# Tracing 15h gelding



## Redroan14 (28 December 2014)

Tracing history.

I'm looking for the history on a 15 hand welsh cross, 12 year old (details on passport). Passport wasn't issued until June 2014 name registered on it was Grieveson, Forest Lodge, Westcroft Road, Forest Hall, NEWCASTLE UPON TYNE, NE12 9JU. I have tried contacting but haven't received a reply . His passport doesn't really tell me anything about him. He is named as Red (could have been named something else) and he is chestnut with white flickers in his coat so could be a chestnut roan.  

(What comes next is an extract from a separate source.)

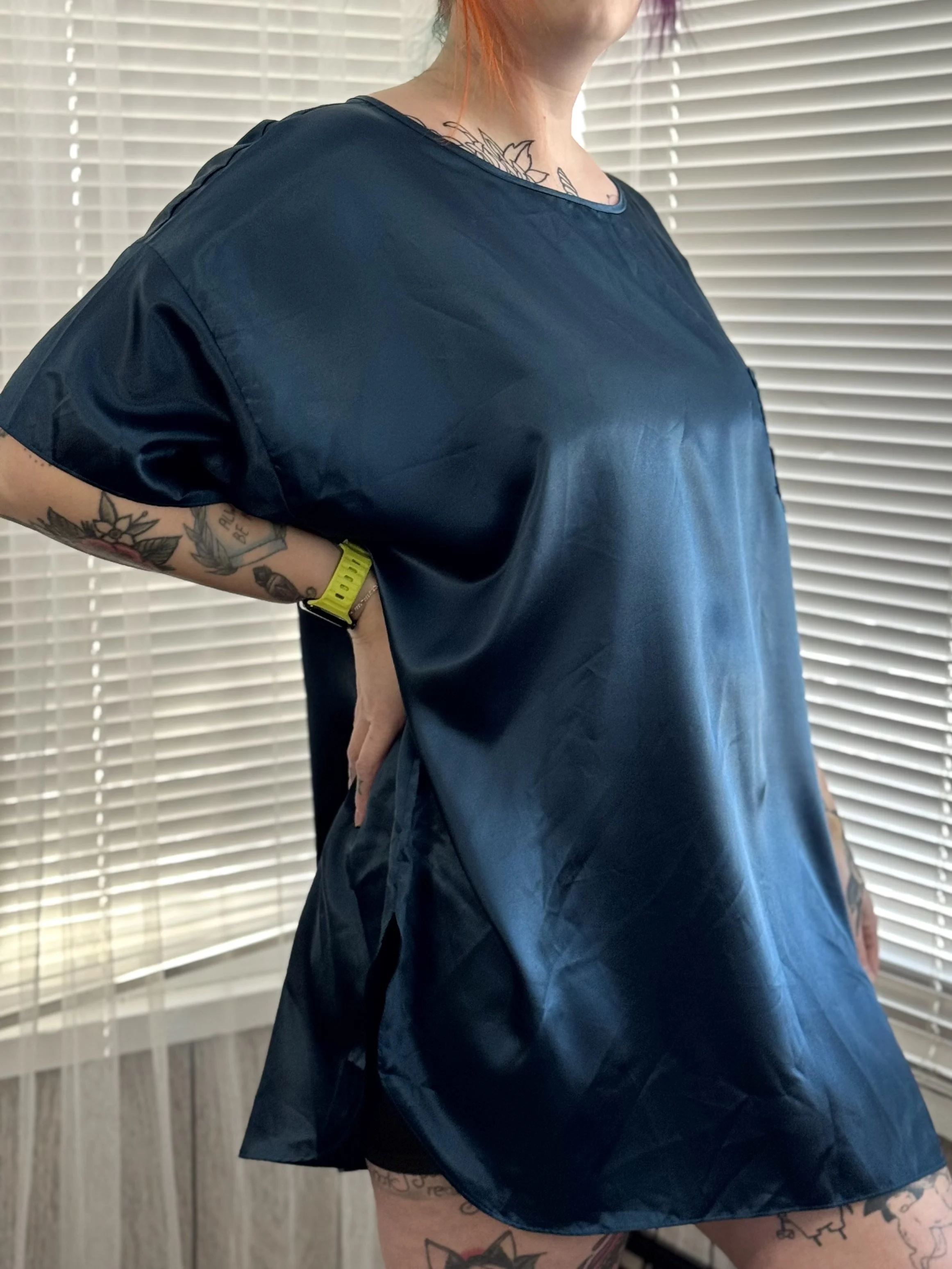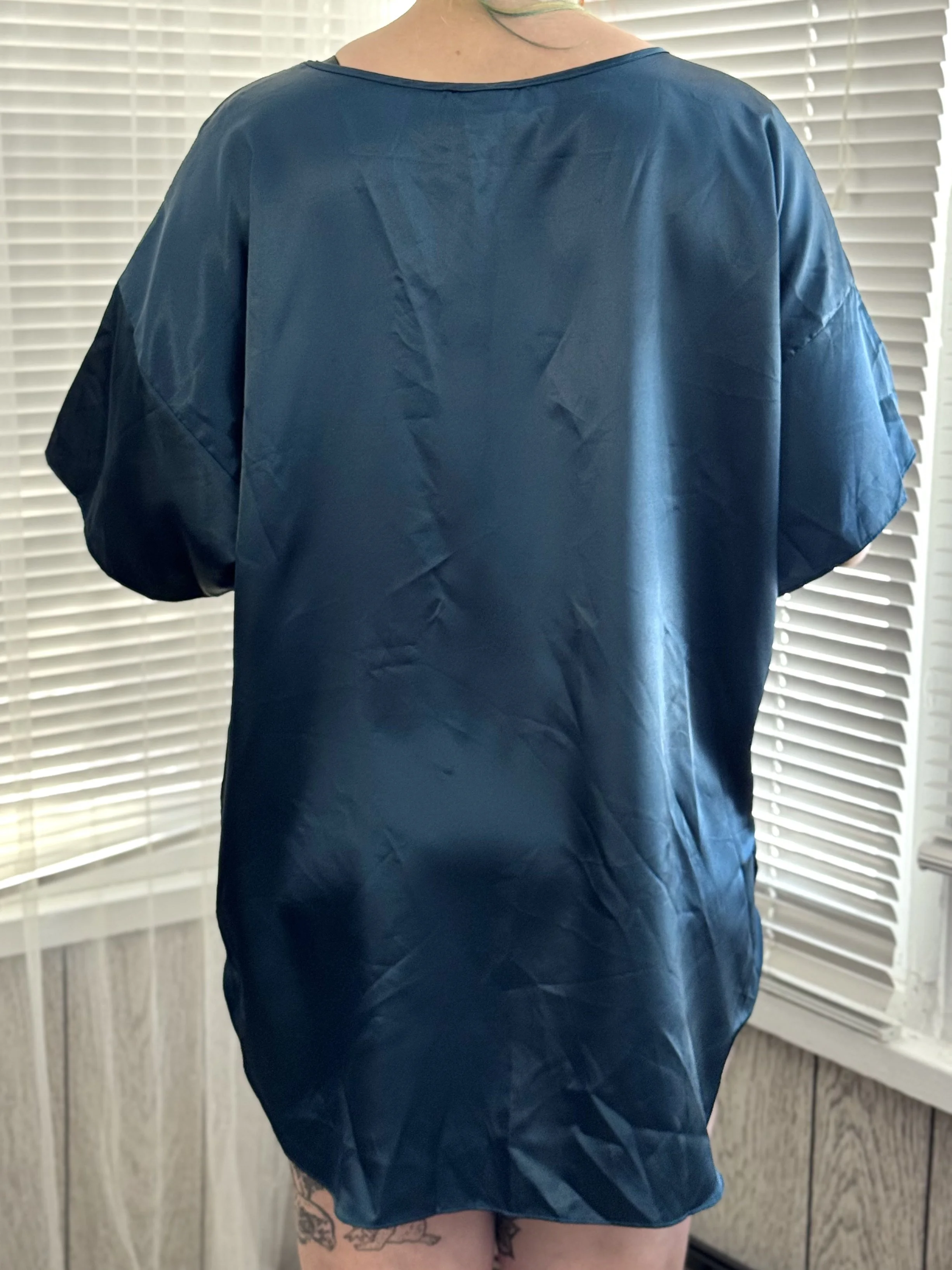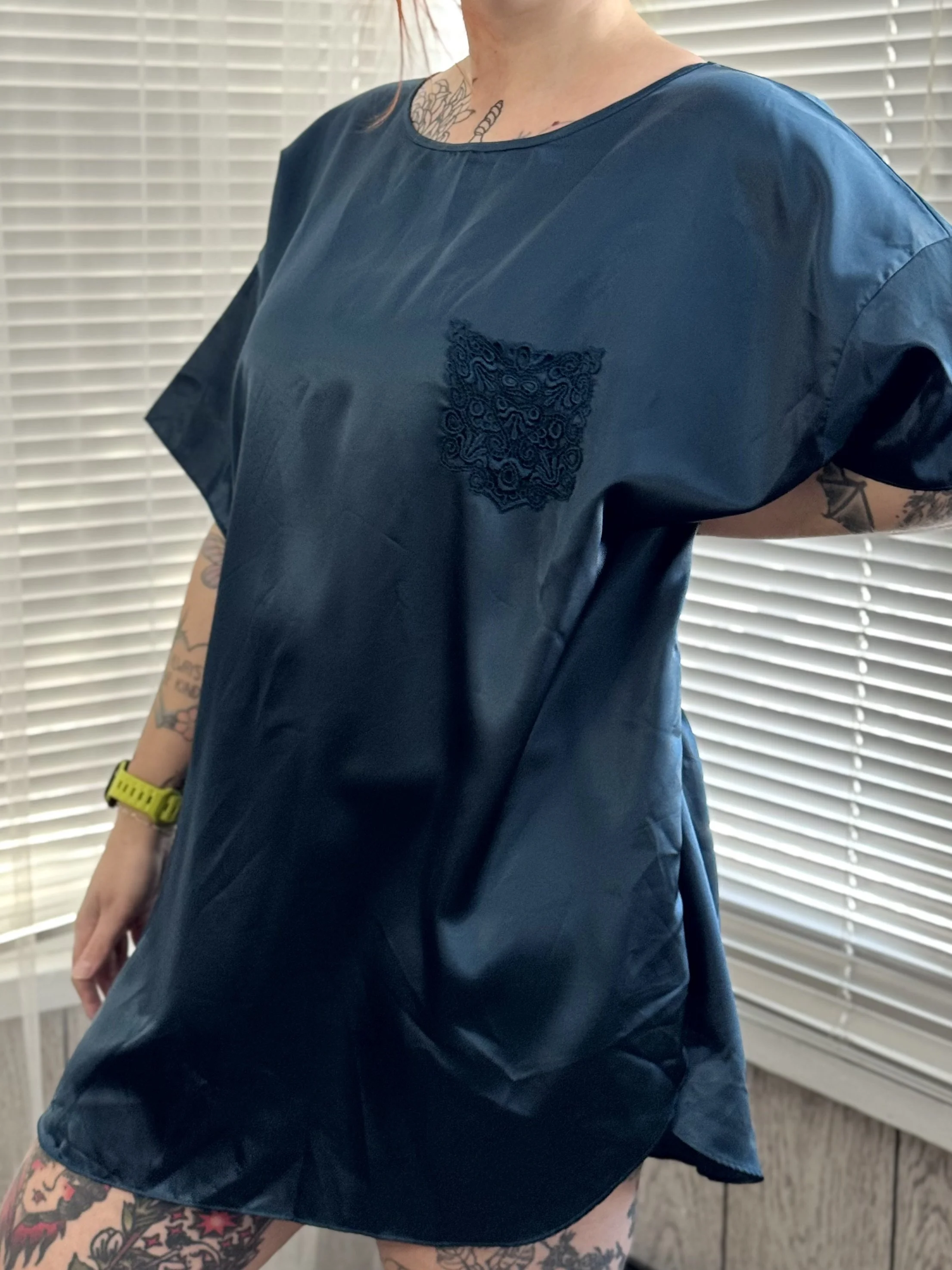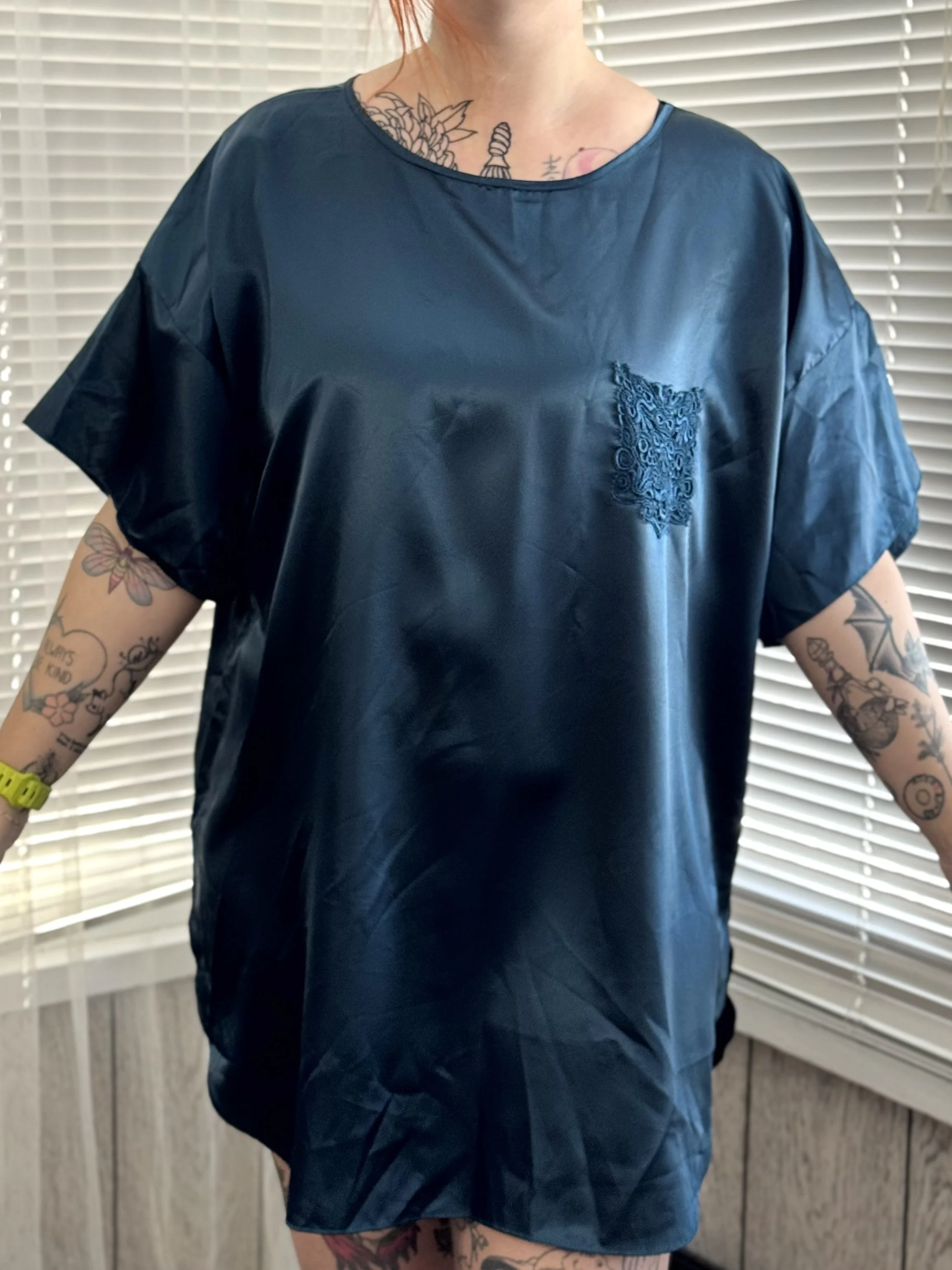 Vintage Sleep Solutions dark blue satin tee. Features small, functional, fully lace pocket on left chest. Slips on overhead, no zipper or button closures.

History from what I have been told.
Grieveson registered passport June 2014 who either just registered him or sold him on at the end June 2014, he was then in west Yorkshire until the end of July until he was sold too a lady in Lincolnshire who I bought him off. I have asked for the contact details of this person but they were destroyed when I bought him and she couldn't remember the persons details.

He is excellent to hack, not scared of anything, very green with his schooling as he is used pacing from have been told. He is brilliant to do on the ground, I cant really fault him. I just would like to know his history if possible.


----------



## Redroan14 (3 February 2015)

He may have gone through York sales in June 2014 by the above people on his passport. They don't appear to give descriptions of what they sell like other dealers do in the cat. 

He is safest horse out , hacks out in all weathers.  He was full of worms when I purchased him and he is now back to normal with a lot of hard work over the winter.  He is also now not eating like his never been fed.  He loves being out but also loves coming in. He has been treated well somewhere. Loves attention, loves to make his own bed, loves to role and absolutely loves being worked.

Any ideas on how to trace him would be good..


----------